David Zigmond: NHS stewardship—the missing personal factor

david_zigmond2In healthcare our systems of governance are increasingly developed and vaunted. Yet these are very different from our capacities for stewardship.

Inevitably and predictably, the recent party political conferences each designated the NHS as a crucial battleground: each claimed the better vision, ethos, and competence. Yet there is something recurrently missed by politicians, planners, and orbiting think tanks. It is the crux of personal attitudes, relationships, and investments: the human conductors of our best personal continuity of care.

In the last 25 years, these important but fragile human exchanges have struggled to survive; their professional habitat has been steadily displaced or destroyed. This has happened as collateral damage: the victims of successive systems of standardisation and mass management.

Of course, such governmental hegemony also has its place and merit, without it we would still be plagued by smallpox and poliomyelitis. But, however valuable, such an approach necessarily occupies an opposite pole to personal continuity of care. And it is the latter that constitutes the art, heart, and soul of our best—now increasingly lost—pastoral healthcare.

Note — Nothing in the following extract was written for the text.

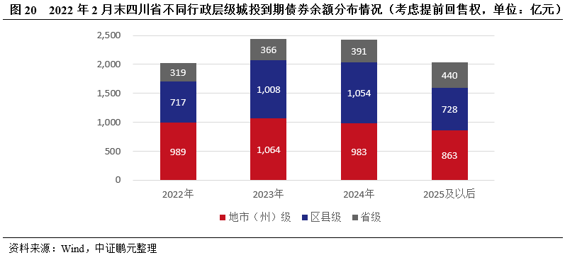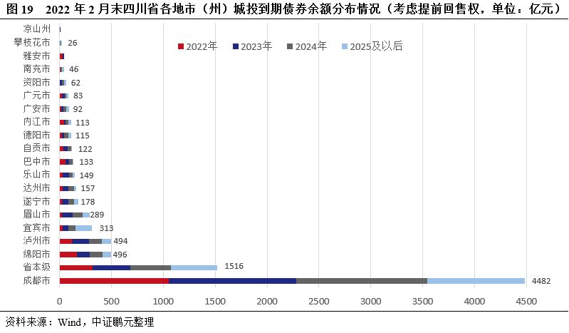 四川省城投債券到期分布總體較為均勻,綿陽和巴中城投的短期償債壓力較大。截至2022年2月末,四川省城投平臺存量債券余額合計8,922億元,到期時間分布較為均勻,2022-2024年分別到期2,025億元、2,438億元和2,428億元,分別占存量債券余額的22.7%、27.3%和27.2%。2022年到期的城投債主要集中在成都市、省級、綿陽和瀘州,分別到期1,053億元、319億元、170億元和119億元,巴中市到期城投債為56億元,其余地市(州)均在50億元以下;綿陽和巴中2022年城投債到期償付壓力較大,到期債券規模分別為其一般公共預算收入(以2021年數據測算)的1.07倍和1.10倍。從行政層級來看,2022年到期的地市(州)級、區縣級和省級城投債規模分別為989億元、717億元和319億元,地市(州)級城投債券到期分布較為均勻。

In the last half of my long career as a NHS doctor, I have found it more and more difficult to deliver care as a personal physician or family doctor. For the last decade my peers have overwhelmingly come to this view, but their fatigue and dispiritedness has mostly led to their public retreat rather than assertion. This is one small but ominous sign of the overgrowth of our healthcare governance.

Here is a growing conundrum: the quintessence of our best personal healthcare is often driven out or destroyed by the very defensive measures designed to protect us from bad practice. This happens because too much management and regulation crushes personal engagement, spirit, and responsibility. For these are human qualities and activities that must have a natural life. No amount of governance can directly produce these, yet too much governance can rapidly destroy them.

In our relationship with our natural environment we are having to learn how stewardship is very different from governance. In healthcare, too, the consequences of our being heedless of this distinction can soon accelerate beyond our capacities for imagination—and then retrieval.

David Zigmond is a GP in London.

Competing interests: I declare that I have read and understood the BMJ policy on declaration of interests and I have no relevant interests to declare.